Хотя гору назвали в честь Рейна, не он первый искал здесь убежища. Рассказывали, что в старину тут же произошло еще одно кровопролитие: туземцы загнали на гору первых белых поселенцев и всех их перебили на ее каменистой вершине. Говорили даже, что и раньше, когда долина еще не была Клипсваалем, а всего лишь охотничьими угодьями бушменов, аборигены отправляли здесь некоторые свои мрачные обряды. Окерт знал эту гору всю жизнь, хотя за последние девять лет ни разу на ней не был. В детстве он играл здесь среди камней с Дани де Яхером. Как-то весной они задумали отстроить разрушенную крепость и целые дни проводили среди развалин, а приятелям высокопарно объясняли, что заняты восстановлением национального памятника, торжественное открытие которого состоится осенью.

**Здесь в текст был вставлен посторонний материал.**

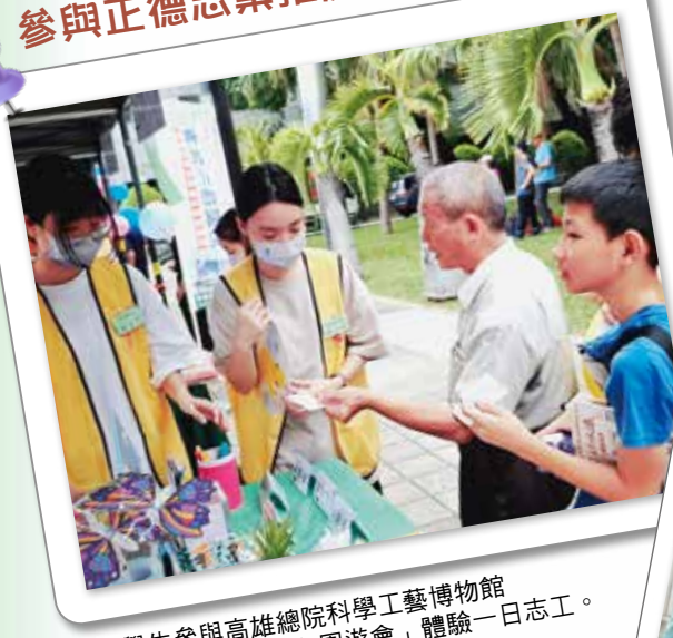
▲學生參與高雄總院科學工藝博物館「感恩有您 愛心園遊會」體驗一日志工。
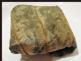
C5 Xoi Ga 6,00€ 糯米鸡 Riz gluant au poulet à la vapeur
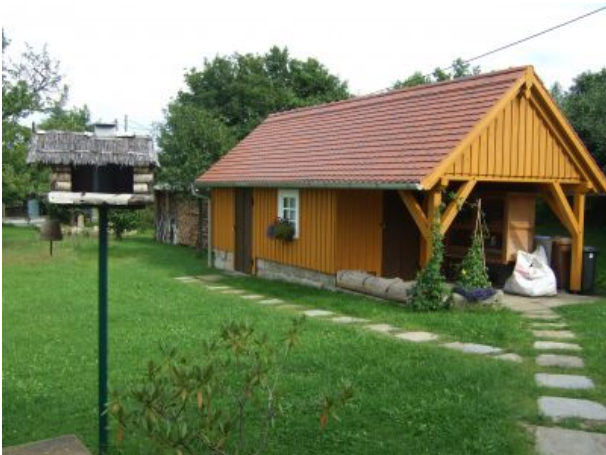
Einstellmöglichkeit für Fahrräder
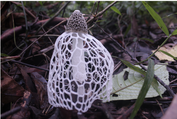
A close shot of the Stinkhorn mushroom growing on the fertile soils of the Mount Cameroon national park
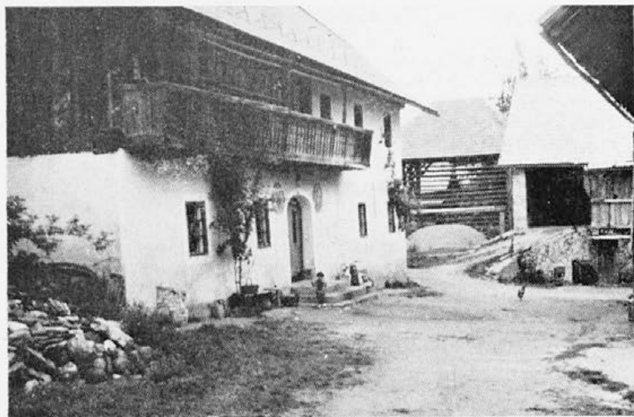
Slika 5. Slovenska alpska hiša v Ziljski dolini. Dom v gruči.

Turizem. V zadnjih desetih letih je prodril turizem tudi v k. o. Šentpavel. Iz prejšnjih gostiln so nastali trije gostinski obrati, ki imajo skupaj približno 80 postelj. V zadnjih letih pa hitro narašča število sob. Danes lahko že prenoči v večini hiš ena do štiri družine letoviščarjev.
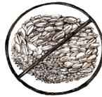
Libre de Grano
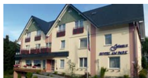
HOTEL AM PARK Willingen/Upland
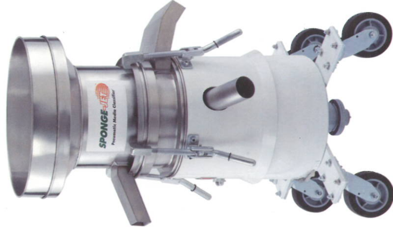
Den sætlig recycler.
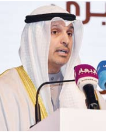
عبد الرحمن المطيري

أكد وزير الإعلام والثقافة ووزير الدولة لشؤون الشباب عبدالعزيز سعود المطيري، أن جائزة مؤسسة عبدالعزيز سعود البابطين الثقافية تحمل في طياتها عبق الشعر وأريج الكلمة وتعتبر تأكيداً على أن الثقافة هي الروح التي تحيي الأمم والجسر الذي يعبر بنا نحو مستقبل زاهر بالتسامح والتعايش والمحبة.
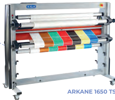
ARKANE 1650 TS

Lamination simple face ou recto verso roll to roll
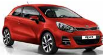
Signal Red (BEG) Pearl
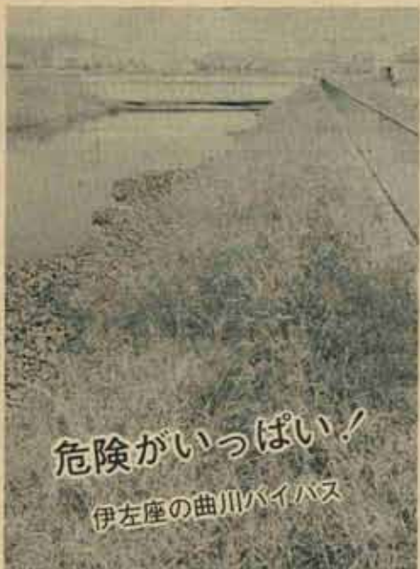
危険がいっぱい! 伊左座の曲川バイパス
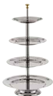
Alzata frutta, 4 piani, inox Fruit stand, 4 tiers, s/s Obstständer, 4-stöckig, Edelstahl Serveur muet, 4 étages, inox Frutero, 4 alturas, inox
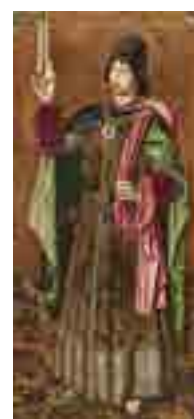
Bartolomé Bermejo São Damião c. 1460-1470 MNAA Sala 64
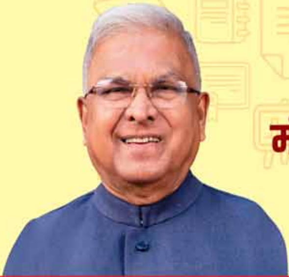
अध्यक्षता मंगुभाई पटेल राज्यपाल
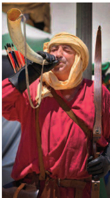
Cada mes de julio se celebra un Festival Templario.

Es el tradicional concurso que abre la temporada de este deporte. Comienza a las doce de la noche en la madrugada del primer domingo de junio. Durante toda esa noche y la mañana siguiente, la orilla de la charca es tomada por pescadores, a quienes se les
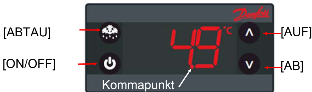
Abb. 1: Bedienungselemente und Displayanzeigen (Symboldarstellung)

Als Bedienungselemente stehen Tasten zur Verfügung, die folgendermaßen belegt sind:
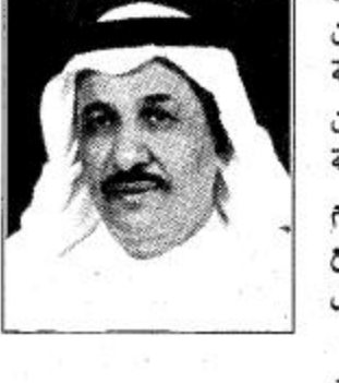
عبر سفير دولة البحرين لدى المملكة خالد بن محمد المسلم عن عمق العلاقات التاريخية العربية التي تربط دولة البحرين وشقيقتها المملكة وخصوصيتها التي حتمت قيام تعاون وثيق بينهما في جميع المجالات وكافة الاصعدة وقال في حديث خاص له «الجزيرة» لا يفوتني في هذا المقام ان

انتزه مناسبة تزامن هذا الحديث مع صحيفتكم الغراء ومناسبة اليوم الوطني للمملكة العربية السعودية الشقيقة لارفع الى مقام خادم الحرمين الشريفين الملك فهد بن عبدالعزيز ملك المملكة وولي عهده الامين وحكومته الرشيدة والشعب السعودي الشقيق باسمي آيات التهاني والتبريكات بهذه المناسبة العظيمة علينا جميعا لتأسيس المملكة العربية السعودية وتوحيدها من أهمية في تاريخ هذه المنطقة وتعزيز أمنها واستقرارها.

Но еще задолго до осени их увлекла новая забава, а гора так и осталась мрачным монументом незапамятных языческих времен. Зловещее место, но он может здесь спрятаться, может отсидеться, незамеченный солдатами. И через день-другой, если он не умрет, может быть, Дани догадается, где он, и придет сюда. Впрочем, через день-другой у него наверняка будет гангрена, а долину наводнят солдаты. Он встряхнул головой, решив не думать о том, что будет после рассвета; повернув Кобу к востоку, снова скользнул ладонью от шеи лошади к груди, и с руки закапала кровь. А ведь это только одна рана; где-то есть и другая. Поразительно, что лошадь все еще продолжает идти, хотя уже полчаса назад в нее всадили две пули; впрочем, пули были не охотничьи, к тому же, вероятно, не задеты жизненно важные органы. Но лошадь шла все медленнее, ее силы убывали с каждым шагом, ей не только идти — дышать было трудно; долго она не протянет. Окерт, всю жизнь проживший возле лошадей, как больных, так и здоровых, прикинул, что минут через двадцать Коба упадет. Но она выдержала вдвое дольше: более получаса брели они к югу, и когда взошла наконец поздняя луна, посеребрив кромку неба за горной цепью, лошадь все еще была на ногах. Когда Окерт почувствовал, что она падает, он сбросил стремена и, стиснув зубы, взмокнув от пота, сжался в ожидании неизбежного взрыва боли от удара раненой ногой о землю.
Но нога не стукнулась о землю. Коба опустилась тихо и осторожно, как верблюд, и ноги Окерта мягко коснулись земли.
Потом медленно, опираясь на винтовку, как на костыль, он поднялся и вынул из притороченной к седлу сумки то немногое, что еще могло ему понадобиться: фляжку с водой, пачку печенья и маленькую, но тяжелую картонную коробочку, где лежало пятьдесят винтовочных патронов. Он долго глядел на Кобу — лошадь уже запрокинулась на левый бок, грудь умирающего животного тяжело подымалась и опускалась, в ней что-то громко булькало при каждом вдохе и выдохе. Он ничего не мог сделать, чтобы прекратить ее мучения: выстрел услыхали бы патрульные; охотничьего ножа у него не было, только маленький перочинный, который Дрина сунула ему в карман и которым вряд ли удастся нащупать и перерезать большую артерию на шее Кобы. Он ласково погладил морду лошади и отвернулся — глаза ему жгли слезы; он и Кобу оплакивал, и себя — больше уж ему не ездить верхом.